_REQUIREMENT_:
Return every line of the entries that includes the word "from".

_INPUT RECORDS_:
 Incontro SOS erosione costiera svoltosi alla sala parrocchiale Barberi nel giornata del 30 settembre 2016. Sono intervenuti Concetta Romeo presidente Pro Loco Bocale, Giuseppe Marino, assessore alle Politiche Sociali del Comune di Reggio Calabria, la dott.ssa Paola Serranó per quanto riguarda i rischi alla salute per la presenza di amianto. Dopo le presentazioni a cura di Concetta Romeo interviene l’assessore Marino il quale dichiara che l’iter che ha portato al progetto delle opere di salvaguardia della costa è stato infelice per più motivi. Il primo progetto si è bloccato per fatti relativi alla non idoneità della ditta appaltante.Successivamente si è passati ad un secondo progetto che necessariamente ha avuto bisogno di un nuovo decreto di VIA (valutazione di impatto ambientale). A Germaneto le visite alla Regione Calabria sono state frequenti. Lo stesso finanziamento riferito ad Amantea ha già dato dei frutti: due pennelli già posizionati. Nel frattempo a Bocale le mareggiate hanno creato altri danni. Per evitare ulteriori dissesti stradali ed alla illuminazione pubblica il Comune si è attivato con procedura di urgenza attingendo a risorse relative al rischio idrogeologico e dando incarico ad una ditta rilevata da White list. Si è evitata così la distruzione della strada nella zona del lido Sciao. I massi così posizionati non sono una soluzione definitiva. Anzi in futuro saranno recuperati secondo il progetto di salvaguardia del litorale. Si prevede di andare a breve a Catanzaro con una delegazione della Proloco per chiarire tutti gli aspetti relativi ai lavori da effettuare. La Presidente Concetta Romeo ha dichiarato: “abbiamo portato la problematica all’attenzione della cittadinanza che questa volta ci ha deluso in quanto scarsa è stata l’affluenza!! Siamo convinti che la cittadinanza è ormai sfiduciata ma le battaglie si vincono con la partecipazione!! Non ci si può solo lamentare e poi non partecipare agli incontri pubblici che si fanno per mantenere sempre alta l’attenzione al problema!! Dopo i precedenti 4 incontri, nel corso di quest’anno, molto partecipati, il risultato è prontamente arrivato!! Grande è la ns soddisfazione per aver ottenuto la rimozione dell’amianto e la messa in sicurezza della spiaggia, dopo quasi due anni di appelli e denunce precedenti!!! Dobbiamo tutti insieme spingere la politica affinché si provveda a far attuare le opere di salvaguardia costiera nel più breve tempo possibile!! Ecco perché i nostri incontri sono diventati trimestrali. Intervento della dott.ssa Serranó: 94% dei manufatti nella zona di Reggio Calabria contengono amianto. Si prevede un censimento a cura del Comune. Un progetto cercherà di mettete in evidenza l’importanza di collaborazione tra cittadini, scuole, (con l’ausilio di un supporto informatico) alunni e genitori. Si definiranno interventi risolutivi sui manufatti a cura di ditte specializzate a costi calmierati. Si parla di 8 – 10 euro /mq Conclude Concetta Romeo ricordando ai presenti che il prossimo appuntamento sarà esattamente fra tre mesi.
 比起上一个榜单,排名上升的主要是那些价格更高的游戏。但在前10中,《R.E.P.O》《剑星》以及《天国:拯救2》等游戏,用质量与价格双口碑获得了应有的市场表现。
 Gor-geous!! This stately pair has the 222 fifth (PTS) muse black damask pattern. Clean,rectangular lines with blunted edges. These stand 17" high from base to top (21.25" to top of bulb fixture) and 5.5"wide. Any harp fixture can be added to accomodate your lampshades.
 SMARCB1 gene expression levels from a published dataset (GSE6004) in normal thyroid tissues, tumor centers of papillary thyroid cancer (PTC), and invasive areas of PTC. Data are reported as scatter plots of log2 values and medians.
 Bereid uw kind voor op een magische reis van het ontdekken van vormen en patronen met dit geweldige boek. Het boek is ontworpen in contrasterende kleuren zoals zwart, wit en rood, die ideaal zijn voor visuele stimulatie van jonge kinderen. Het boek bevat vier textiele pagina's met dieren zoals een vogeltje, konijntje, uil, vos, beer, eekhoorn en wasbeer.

_YOUR RESPONSE_:
 Gor-geous!! This stately pair has the 222 fifth (PTS) muse black damask pattern. Clean,rectangular lines with blunted edges. These stand 17" high from base to top (21.25" to top of bulb fixture) and 5.5"wide. Any harp fixture can be added to accomodate your lampshades.
 SMARCB1 gene expression levels from a published dataset (GSE6004) in normal thyroid tissues, tumor centers of papillary thyroid cancer (PTC), and invasive areas of PTC. Data are reported as scatter plots of log2 values and medians.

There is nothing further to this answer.